Le Théâtre SESC Pompéia a présenté une importante pièce théâtrale sur l’histoire de l’Amérique Latine ce 13 novembre 2012. A cette mise en scène de Sérgio de Carvalho, “Révolution de l’Amérique du Sud”, écrite à l’origine par le dramaturge Augusto Boal dans les années 60, ont pris part le groupe de théâtre de Sao Paulo « Compañia do Latão » et le Collectif de Culture du Mouvement des Travailleurs Sans Terre, en plus d’invités spéciaux comme João Pedro Stedile et Nelson Xavier.

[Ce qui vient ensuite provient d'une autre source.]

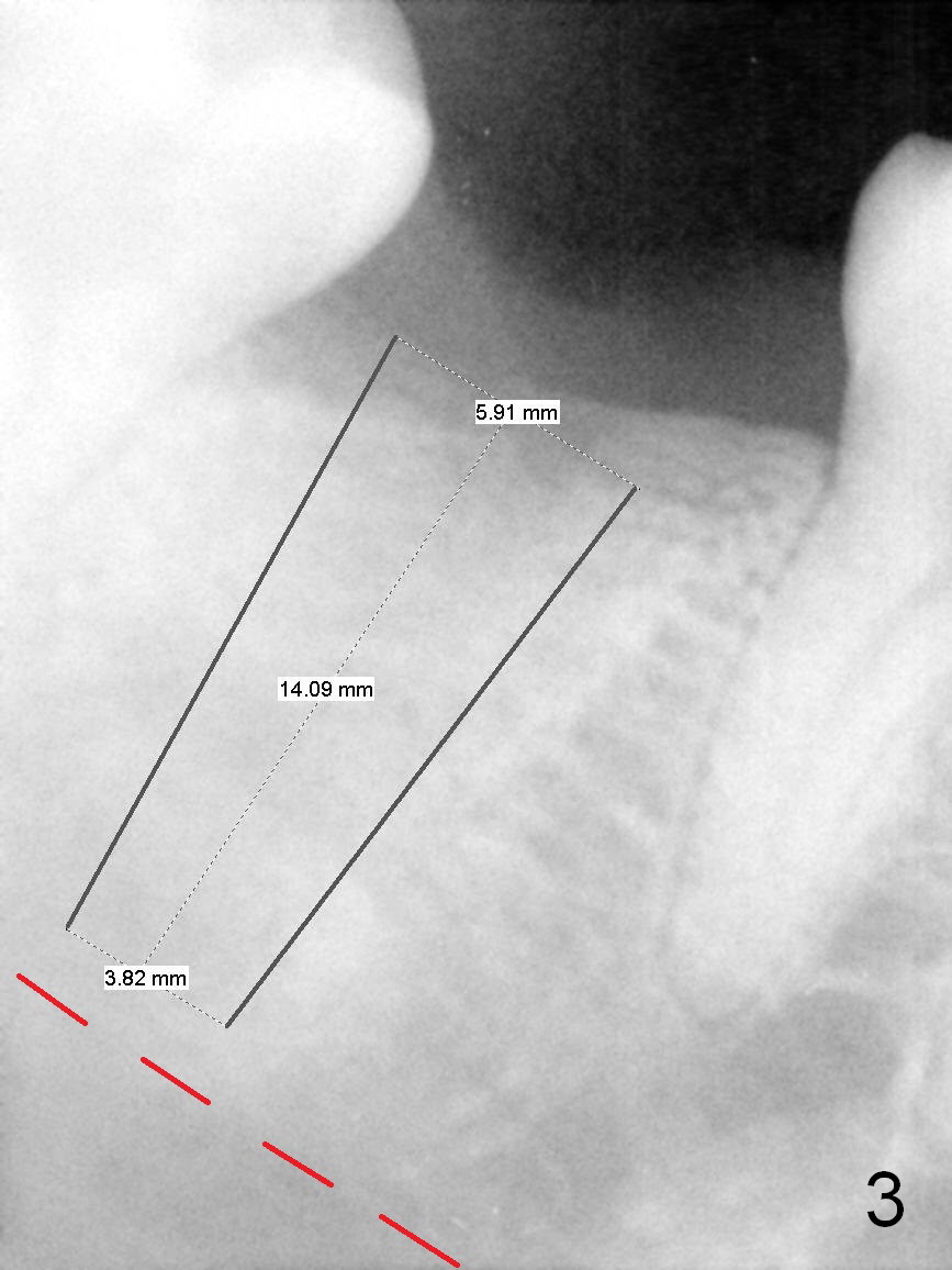 PA in Fig.2 is taken 2 months post extraction, while Fig.3 shows design of a 5.9x14 mm bone-level implant. It appears that the implant is a little too long (red dashed line: the superior border of the Inferior Alveolar Canal). Initial osteotomy depth will be 12 mm. In fact the implant was designed to be supracrestal distal (mistake, even if bone graft is well executed). An incision will be made for visibility.

Le spectacle raconte l’histoire du prolétariat et l’espoir d’une révolution socialiste au Brésil, au cours de la période du coup d’État militaire de 1964. Avec ses “touches” de comédie et de drame l’inteprétation rend vie à toute une littérature politique, avec ses scènes de famine, misère, travail esclave, parmi les différentes formes d’oppression qui étaient vécues par les ouvriers dans les années 60. 

Le Mouvement des Sans Terre, avec son collectif de culture, participe au spectacle de manière particulière, notamment dans la personne de João Pedro Stedile, faux Ange déguisé en bonne personne mais qui dans la réalité représente les grandes corporations mondiales engrangeant des royalties sur les produits consommés par les travailleurs.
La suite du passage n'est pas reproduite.